I was recently browsing through the web, checking out google and yahoo and having a great time looking up the term "custody evaluations". There's all sorts of information out there regarding custody evaluations--condemnation of the evaluations, advise on how to beat them, suggestions for making a good impression if you undergo one.
I can still recall the day when I sat with my former (eventually fired) attorney and discussed the custody evaluation. What interests me now is the fact that I was never informed that I actually didn't have to have a custody evaluation. I know many couples who dispute custody and yet do not follow through with a custody evaluation. Why didn't I think of that? Like many, I just did what my lawyer told me to do.
Anyway, I was just reviewing a brief summary of what a custody evaluation is and how it is conducted on the website for CT Legal Aid. It was a really nice overview full of great advice and sensible commentary. But there was one, really, really, really, important fact that they didn't include. When a mental health provider conducts a forensic custody evaluation ordered by the Court, the resulting study is not in any way confidential. So if you and your family are the subject of a forensic custody evaluation, you do not have the right to confidentiality or the right to privacy guaranteed by the constitution. In essence, you waive those rights.
Now, before you go ahead and agree to a custody evaluation, if you have the choice--some people don't have the freedom to choose as I did--think about that. I don't know about the custody evaluations carried out by family relations. Since there isn't a whole lot of money available there, those evaluations are probably pretty short and limited in scope. However, if you are talking about a private custody evaluation, these can be pretty lengthy--mine was almost forty pages long and single spaced--and detailed.
Mine included a complete biography of both my ex husband and me, including very intimate information which I would never want public. It discussed each of our children and their particular challenges and talked about our parental relationships with them.

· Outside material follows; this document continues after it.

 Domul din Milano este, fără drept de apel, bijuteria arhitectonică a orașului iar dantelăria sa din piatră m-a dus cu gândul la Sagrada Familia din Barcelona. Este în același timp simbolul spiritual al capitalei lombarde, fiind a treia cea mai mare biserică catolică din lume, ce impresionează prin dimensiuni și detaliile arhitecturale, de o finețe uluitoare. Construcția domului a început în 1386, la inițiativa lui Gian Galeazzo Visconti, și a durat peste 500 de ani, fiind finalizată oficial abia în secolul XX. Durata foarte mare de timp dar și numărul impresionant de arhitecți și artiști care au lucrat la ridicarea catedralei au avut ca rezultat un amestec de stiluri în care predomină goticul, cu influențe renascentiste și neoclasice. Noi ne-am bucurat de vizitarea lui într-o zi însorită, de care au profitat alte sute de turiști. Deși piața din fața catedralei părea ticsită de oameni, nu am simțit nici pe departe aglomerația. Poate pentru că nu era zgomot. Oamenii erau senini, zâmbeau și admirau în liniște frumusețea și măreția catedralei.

It made statements about my ex husband's attitude towards them which I would never want them to know, or which I would have liked to have revealed to them myself if it became the subject of discussion when they became adults. So that opportunity was taken out of my hands.

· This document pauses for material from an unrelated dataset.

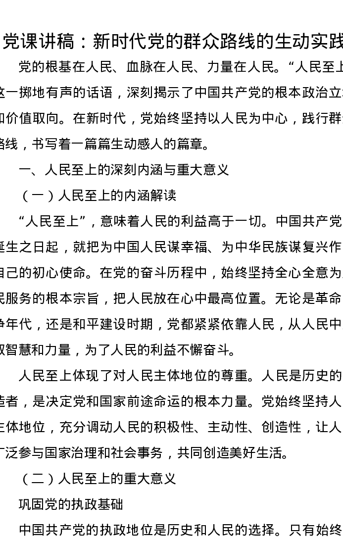 党课讲稿:新时代党的群众路线的生动实践
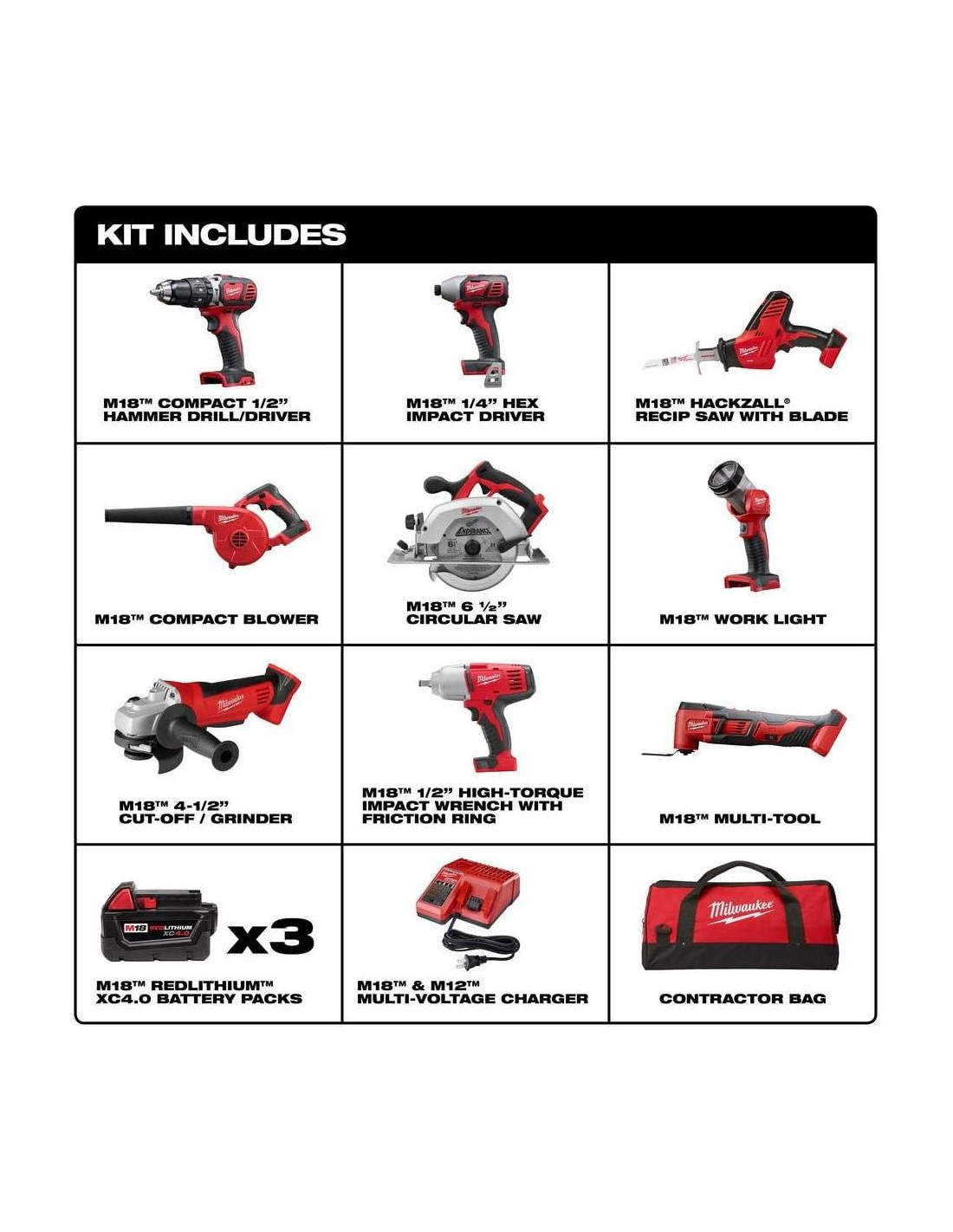 - Componentes incluidos: 9) herramientas, (3) 4.0 Ah baterías, cargador y bolsa de herramientas

The report included teacher's comments about my children which I would never wish them to find out, comments that could be quite hurtful, particularlly since they were not true.
It also included quotations from the results of psychological reports conducted on each of us combined with the psychiatrist's personal take on those results.
The report overall was small minded, mean spirited, derogatory and humiliating and all of it was fully available to the public for anyone to read because, again, you have no right to privacy, no right to confidentiality when you agree to a custody evaluation.
Tell me, did you know that when you agreed to YOUR custody evaluation? Did anyone tell you about that? They sure didn't tell me! Where is it written? How would you know?
This means that if the judge chooses to use extensive quotations from that custody evaluation in his Memorandum of Decision in your case, they are then made available to everyone in the world if it ends up being posted on the internet, which it very likely will, if you have a high conflict divorce case.
And the justification for that? Well, we need to maintain transparency within the judicial system. God forbid we have any opacity or anything, particularly when there are children involved whom you might want to protect.
One way to protect yourself in this situation is to keep the damn thing out of your file and off the record by mediating a custody agreement rather than taking it to trial. The other option is to request that the Judge seal the report so that the public is not allowed access to it when they look at the file. The only limitation there is that any judge can still browse through the custody evaluation when he is adjudicating any other post judgment issues that arise.
It's a bummer folks. But don't think that the Court sympathizes with you on this issue. When I brought it up, the judge said, "That's what you agree to when you enter into a custody battle." Of course, as so many women know who are victims of domestic violence, that statement is totally wrong for all sorts of reasons. Be that as it may, be warned.